At The Table

FROM THE ASSOCIATE RECTOR

Earlier this month I accompanied Elliott on a working trip to New Hampshire. It was one of those picture-perfect New England villages with white clapboard buildings framed by a river on one side and forest on the other. Fewer than a thousand people live there and among them is the documentarian Ken Burns, which is why we were there. Elliott was to be interviewed about American Bison.

They put us up in a lovely B & B which is also a working farm, raising grass-fed beef and free-ranging pigs along with an assortment of happy chickens. Our breakfasts were piled high with the fruits of their, and their neighbors, labors. We lingered over the sweet and savory delights in the company of other houseguests, some of whom were also there as Burns’ guests.
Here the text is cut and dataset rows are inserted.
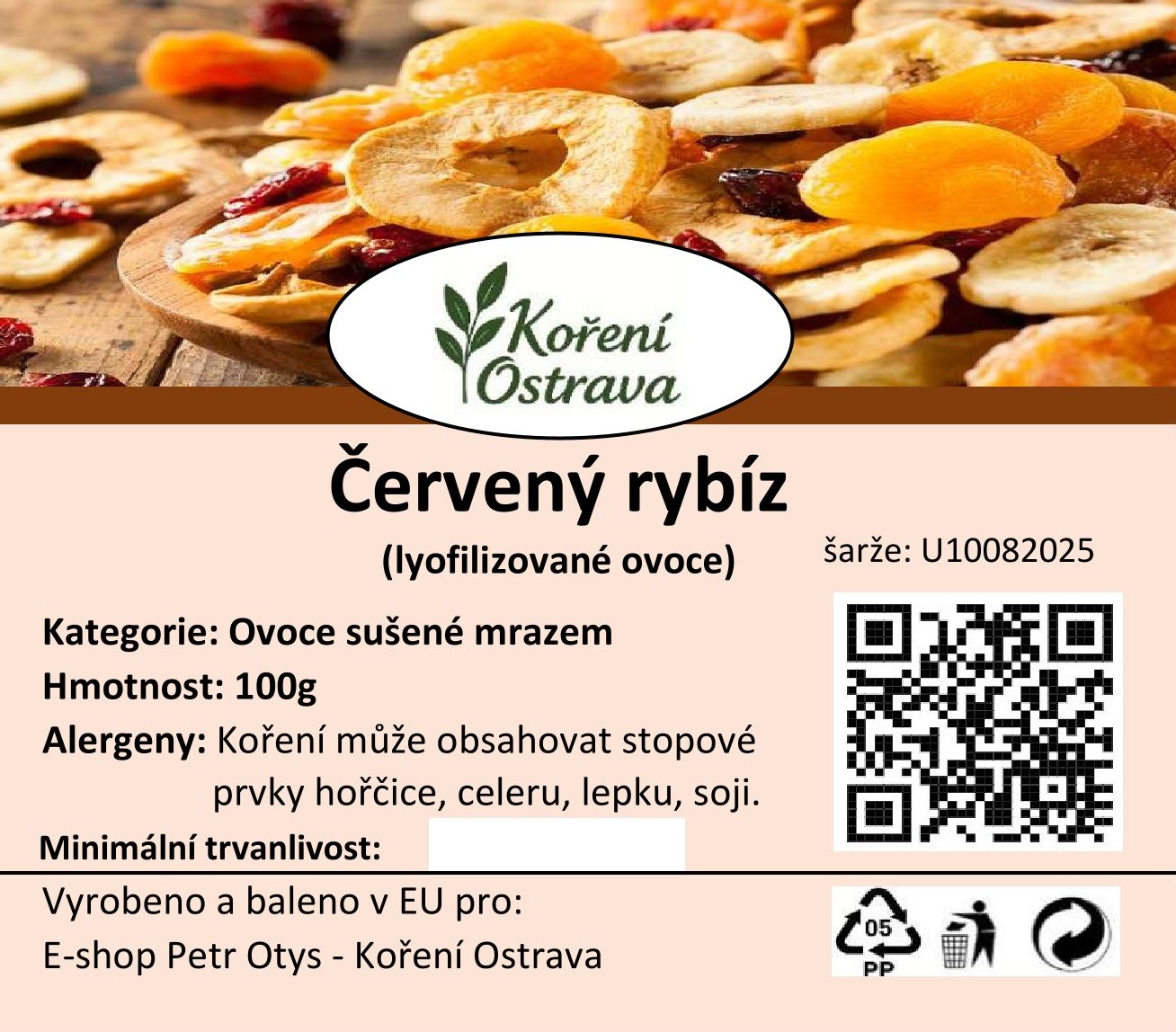Červený rybíz (Ribes rubrum) je sušený mrazem, aby si zachoval přirozenou chuť, barvu i maximum živin. Díky procesu lyofilizace zůstává lehký a křehký, s výrazně osvěžující chutí.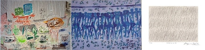 | ▲ 좌측부터, David Hockney 2019 Ink Test Image size 73.7x99.1 cm Sheet 86.4x109.2 cm Edi~, 김환기(Whanki Kim), 사월의행진(March of April), 73.5x99.5cm, oil on canvas, 1961, 박서보(Seobo Park), 무제, 38×32cm, maruere print, ed.51_99, 2020 |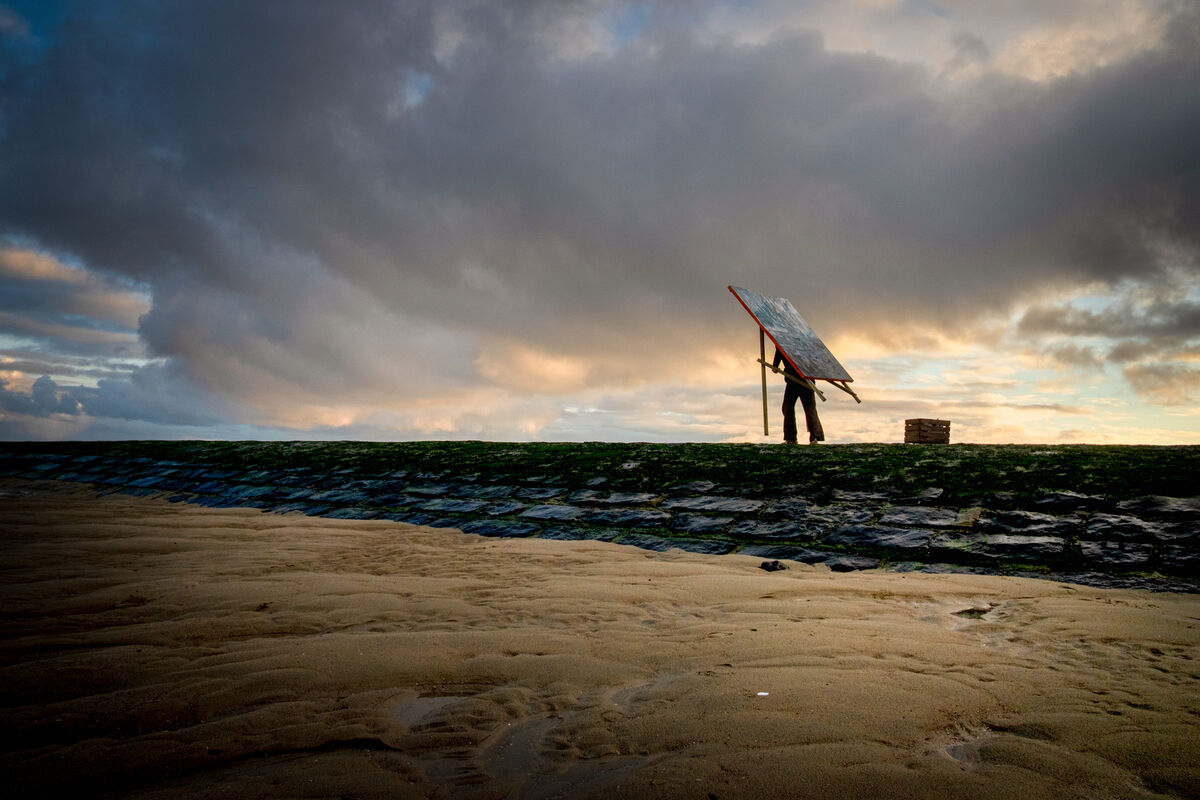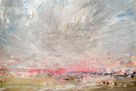 In Tidal Flux, Verkaeren redefines landscape painting as a site of ongoing negotiation—between artist and environment, gesture and condition. Working directly on the tidal flats of Knokke-Heist, he resists the idea of the landscape as static. His canvases, textured with impasto and atmospheric color, absorb the elements—salt, wind, moisture—and turn them into painterly material. Each work emerges from an embodied process of being present in the environment, guided as much by weather and chance as by composition or form.
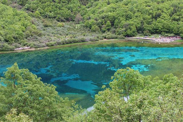 此照片是从五花海观景台上拍摄的,需要说明的是这个观景台的位置处于路窄及坡道处,所有没有观光车站点,最好的游玩线路就是下观光车后步行到五花海后不过桥,直接选择左边的栈道,上坡到观景台俯瞰整个五花海,然后沿栈道下坡,跟着栈道走环游整个五花海最终到达五花海出入口处,然后乘坐观光车到达下一个景点游玩,由于整个五花海还是比较大,若你想看最完美的风景而不走回头路就可以参照我的线路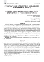 Evoluţia teoriei birocraţiei în organizarea administraţiei publice Acest articol încearcă să facă o analiză cum au evoluat principiile birocratice de organizare a administraţiei publice de la Max Weber până la administraţia publică la începutul secolului al XXI-lea. Se menţionează că formularea lui M. Weber cu privire la tipul ideal de birocrație este o abordare clasică a administraţiei publice. Practica administraţiei publice confirmă că birocraţia nu este atât de previzibilă şi clară cum este descrisă în teoria birocraţiei a lui M. Weber. Spre deosebire de modelul ideal al birocraţiei elaborat de M. Weber, sistemul actual al administraţiei publice este un sistem deschis şi înglobează caracteristici mult mai complexe. Acest fapt este condiţionat de un şir de factori ce influenţează activitatea administraţiei publice inclusiv: nivelul de dezvoltare a democraţiei, dezvoltarea economică şi socială, tehnologiile informaţionale, stilul de conducere, cultura administrativă, profesionalizarea funcţionarilor publici ş.a.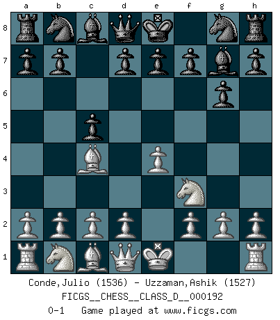 Last move : 0-1 2013 April 19 22:49:0 [Event "FICGS__CHESS__CLASS_D__000192"] [Site "FICGS"] [Date "2013.03.19"] [Round "1"] [White "Conde,Julio"] [Black "Uzzaman,Ashik"] [Result "0-1"] [WhiteElo "1536"] [BlackElo "1527"] 1.e4 c5 2.Nf3 g6 3.Bc4 Bg7 0-1 Sicilian : Hungarian variation Player Black won this chess game. Follow this game move after move (download)Up to this point White has been following well-known analysis. But now he makes a fatal error: he begins to use his own head. (Siegbert Tarrasch) Ein Buch ist ein Spiegel; wenn ein Affe hineinsieht, so kann kein Apostel heraus gucken. (Georg Christoph Lichtenberg) Un Peón pasado aumenta su poder a medida de que el número de piezas en el tablero disminuye. (Capablanca) Comme les marins qui ont mille raisons différentes d'aller en mer, les joueurs d'échecs en ont tout autant avant de s'installer devant une table et jouer... (Vincent Bertignac, philosophe) Wikichess, chess moves explained by 'experimented' players. (Thibault de Vassal)

Others had come to pick up a prize pup and another, Marilyn, had returned, as she does every year, to visit a friend in the village. Our conversation on the first couple of days centered around the documentary and our various connections to buffalo. By the final day it had expanded until Marilyn shared that this was why she continued to stay at the B & B rather than in her friend’s home. It was to gather around the table with people she might otherwise never have met. Suddenly I was struck with an image of us—you and me—gathered at the Altar. Marilyn then looked across the table to ask what I did when I was not accompanying my husband. It seemed the only answer in the moment was: that’s what I do. I come to the table to gather with people I might not otherwise have ever met. I work for the church.

I know that’s probably not the best definition of what a priest does, but it’s certainly part of it.  It’s certainly a part I cherish. Her comment reminded me of what a seminary professor had said of the Episcopal Church: that we are not defined by doctrine (although we do have some) or creed (although we do recite one) or any sort of unanimity—so much as we are defined as a diverse people who come to the one table. We come hungry.  Hungry for peace, hungry for wholeness, hungry for connection, forgiveness, comfort, strength, hope. Hungry for God.

At any celebration of the Eucharist at the Society of John monasteries, the Bread is broken with the words, “Behold what you are,” and the people reply, “May we become what we receive.”  Our lives are bound together at that table and made whole, as the Body of Christ; we tear ourselves away for another week as living fragments of that Body. Our various appetites draw us week after week to the table where the holy meal we share sends us out, in turn, as sustenance into a hungry world.